Testing #6 E2E with Playwright and CI Integration — Closing the Track

12 min read

This is the last post of the testing track. If #1–5 lived inside one component or one module, this post follows real user scenarios end-to-end in a real browser — that’s E2E.

Where this post sits in the Testing series:

The tool of focus is Playwright, and the final section recaps all six posts of the track.

What E2E Catches and What It Doesn’t #

A reminder of the shape from #1. E2E sits here:

The trophy, again
        ┌──────────────┐
        │     E2E      │      ← 5–10 core scenarios
        ├──────────────┤
        │  Integration │
        │    (RTL)     │
        ├──────────────┤
        │     Unit     │
        ├──────────────┤
        │    Static    │
        └──────────────┘

What E2E catches:

  • Things component integration tests can’t see — routing, auth flow, state passed across pages.
  • Real browser differences — wrinkles where Safari behaves differently from Chrome.
  • Mismatches in the contract between backend and frontend.
  • Race / timing issues that only show up against real network and real DB.

Where E2E doesn’t catch much, or isn’t worth the cost:

  • The behavior of a single component — RTL is faster and more accurate.
  • Every branch of edge cases — five unit tests can cover what would take thirty E2E tests.
  • Server-side business logic — that belongs to server-side unit/integration tests.

Recommended count — 5–10 core user flows. Something like “sign up → log in → one or two main features → checkout.” Going beyond that quickly becomes a maintenance burden.

Playwright vs Cypress — Briefly #

The two heavyweights of E2E, compared at a high level:

PlaywrightCypress
BrowsersChromium, Firefox, WebKit (Safari)Chromium, Firefox, WebKit (experimental)
Execution modelOut-of-process (browser automation)In-process (inside the browser)
Multi-tab / iframeNatural supportTricky
Parallel executionBuilt-inPaid (Cypress Cloud)
Mobile emulationStrongAverage
Learning curveLowLowest
DocsGoodExcellent

For new projects, there’s almost no reason not to pick Playwright these days. WebKit support, free parallel execution, actively developed by Microsoft. Cypress still wins on teaching-friendly DX and its visual debugger.

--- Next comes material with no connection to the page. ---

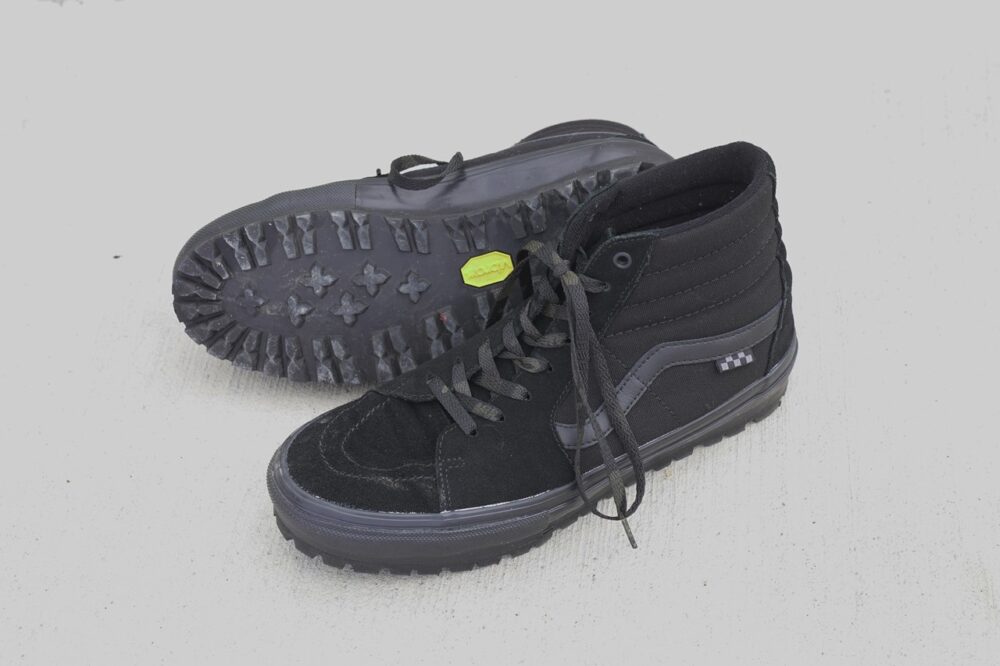 実際に作戦時に使用する隊員がいるほど、近年一部の米国特殊部隊員の間で異様な人気を誇るバンズのシューズ。コボさんはビブラムソールを後付けして運用している。

This post uses Playwright.

Setup #

The fastest start — the official init command.

Install Playwright
pnpm create playwright

What it asks:

  • TypeScript? → yes
  • Test directory? → e2e (or tests)
  • Add a GitHub Actions workflow? → yes (more in the CI section)
  • Install browsers? → yes (downloads Chromium / Firefox / WebKit, about 500MB)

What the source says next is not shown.